# Home Loan Approval Prediction with TensorFlow in Google Colab

This notebook demonstrates how to load and preprocess a sample home loan dataset, build and train a neural network model using TensorFlow (with regularization techniques), and evaluate its performance by making predictions.

## Dataset Description

The sample home loan dataset contains the following attributes:
- **LoanAmount:** Requested loan amount in USD
- **InterestRate:** Loan's interest rate
- **LoanTerm:** Duration of the loan in years
- **CreditScore:** Applicant's credit score
- **AnnualIncome:** Applicant's annual income in USD
- **PropertyValue:** Estimated property value
- **EmploymentStatus:** Employment status (e.g., Employed, Self-employed, Unemployed)
- **LoanPurpose:** Purpose of the loan (e.g., Purchase, Refinance)
- **ApprovalStatus:** Target variable (0 = Rejected, 1 = Approved)

In [24]:
# Import necessary libraries
import pandas as pd
import numpy as np
import tensorflow as tf
from tensorflow.keras.models import Sequential
from tensorflow.keras.layers import Dense, Dropout
from tensorflow.keras.callbacks import EarlyStopping
from tensorflow.keras import regularizers
from sklearn.model_selection import train_test_split
from sklearn.preprocessing import MinMaxScaler, OneHotEncoder
from sklearn.compose import ColumnTransformer
from sklearn.metrics import accuracy_score

print("TensorFlow version:", tf.__version__)
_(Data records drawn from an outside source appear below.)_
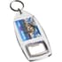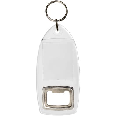 Doorzichtige R1 sleutelhanger met flesopener en metalen sleutelring. De metalen lusring biedt een vlak profiel dat ideaal is voor de post. Afmetingen van het te bedrukken inzetstuk: 4,0 cm x 3,2 cm.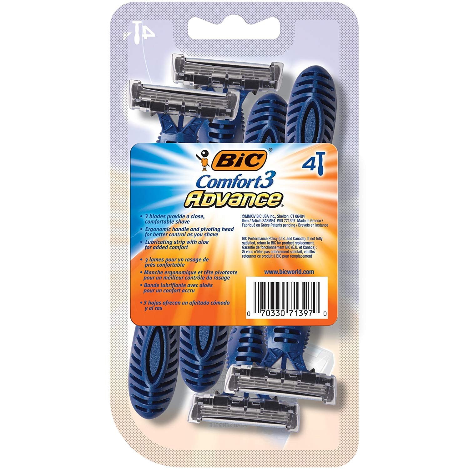 Enjoy a close, comfortable shave with the BIC Comfort 3 Advance Men’s Disposable Razor. Featuring three blades, this convenient disposable razor leaves your skin feeling smooth and comfortable. The textured handle and pivoting head offer added control, while the lubricating strip enriched with Aloe and Vitamin E enhances the glide of the razor. This package contains four disposable razors.
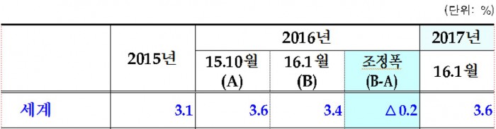 미국(2.8%→2.6%)은 달러 강세에 따른 제조업부문 경쟁력 약화, 저유가로 인한 에너지 산업부문 투자부진 등으로 소폭 감소할 것으로 내다봤다.
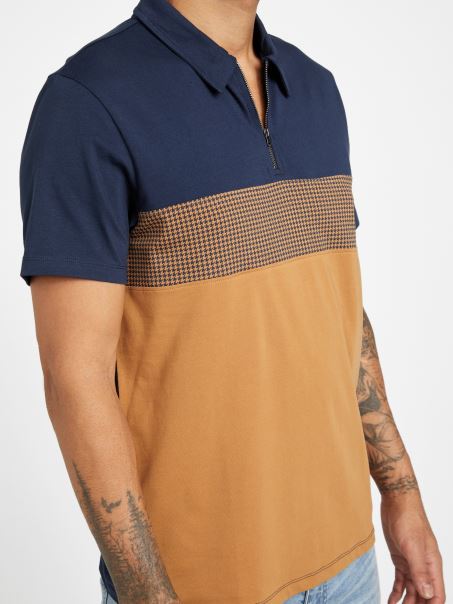O Alternativă Excelentă La Tricou-ul Tău Clasic. Acest Polo Jacquard Are Un Design Color-bloc, Cu Model în Carouri Din Picioare De Hîr, Guler Pliat, Plăcuță Cu Fermoar și Mâneci Scurte.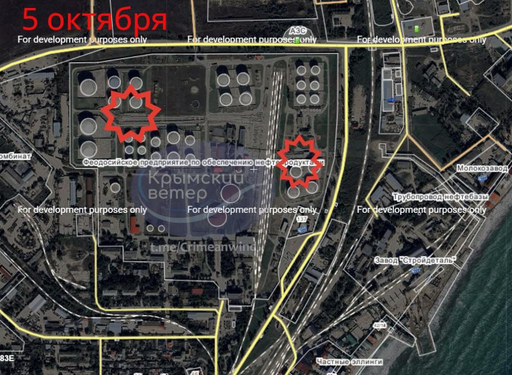В ночь с 5 на 6 октября БПЛА атаковали нефтебазу в оккупированной Феодосии (Крым). По состоянию на 7 октября огонь на нефтебазе в Феодосии перекинулся на другие резервуары, сообщает мониторинговая группа "Крымского ветра" со ссылкой на данные спутниковой съемки.

TensorFlow version: 2.18.0


## 1. Data Loading and Pre-processing

For demonstration purposes, we create a sample dataset. In a real assignment, you would load the data from a CSV file.

In [25]:
# Create a sample home loan dataset
data = {
    'LoanAmount': [200000, 150000, 250000, 180000, 220000, 130000, 175000, 205000, 160000, 190000],
    'InterestRate': [3.5, 4.0, 3.8, 4.2, 3.9, 4.1, 3.7, 3.6, 4.3, 3.9],
    'LoanTerm': [30, 15, 30, 20, 30, 15, 20, 30, 15, 20],
    'CreditScore': [700, 680, 720, 690, 710, 670, 705, 695, 680, 715],
    'AnnualIncome': [85000, 75000, 95000, 80000, 90000, 70000, 78000, 87000, 73000, 82000],
    'PropertyValue': [250000, 200000, 270000, 230000, 260000, 190000, 240000, 255000, 210000, 225000],
    'EmploymentStatus': ['Employed', 'Self-employed', 'Employed', 'Employed', 'Self-employed', 'Unemployed', 'Employed', 'Employed', 'Self-employed', 'Employed'],
    'LoanPurpose': ['Purchase', 'Refinance', 'Purchase', 'Purchase', 'Refinance', 'Purchase', 'Purchase', 'Refinance', 'Purchase', 'Refinance'],
    'ApprovalStatus': [1, 0, 1, 0, 1, 0, 1, 1, 0, 1]
}

df = pd.DataFrame(data)
df.head()

Unnamed: 0,LoanAmount,InterestRate,LoanTerm,CreditScore,AnnualIncome,PropertyValue,EmploymentStatus,LoanPurpose,ApprovalStatus
0,200000,3.5,30,700,85000,250000,Employed,Purchase,1
1,150000,4.0,15,680,75000,200000,Self-employed,Refinance,0
2,250000,3.8,30,720,95000,270000,Employed,Purchase,1
3,180000,4.2,20,690,80000,230000,Employed,Purchase,0
4,220000,3.9,30,710,90000,260000,Self-employed,Refinance,1


### Preprocessing

We need to preprocess our data. This includes scaling numerical features and encoding categorical variables. We then split our data into features (`X`) and our target (`ApprovalStatus`).

In [26]:
# Define numerical and categorical columns
numerical_cols = ['LoanAmount', 'InterestRate', 'LoanTerm', 'CreditScore', 'AnnualIncome', 'PropertyValue']
categorical_cols = ['EmploymentStatus', 'LoanPurpose']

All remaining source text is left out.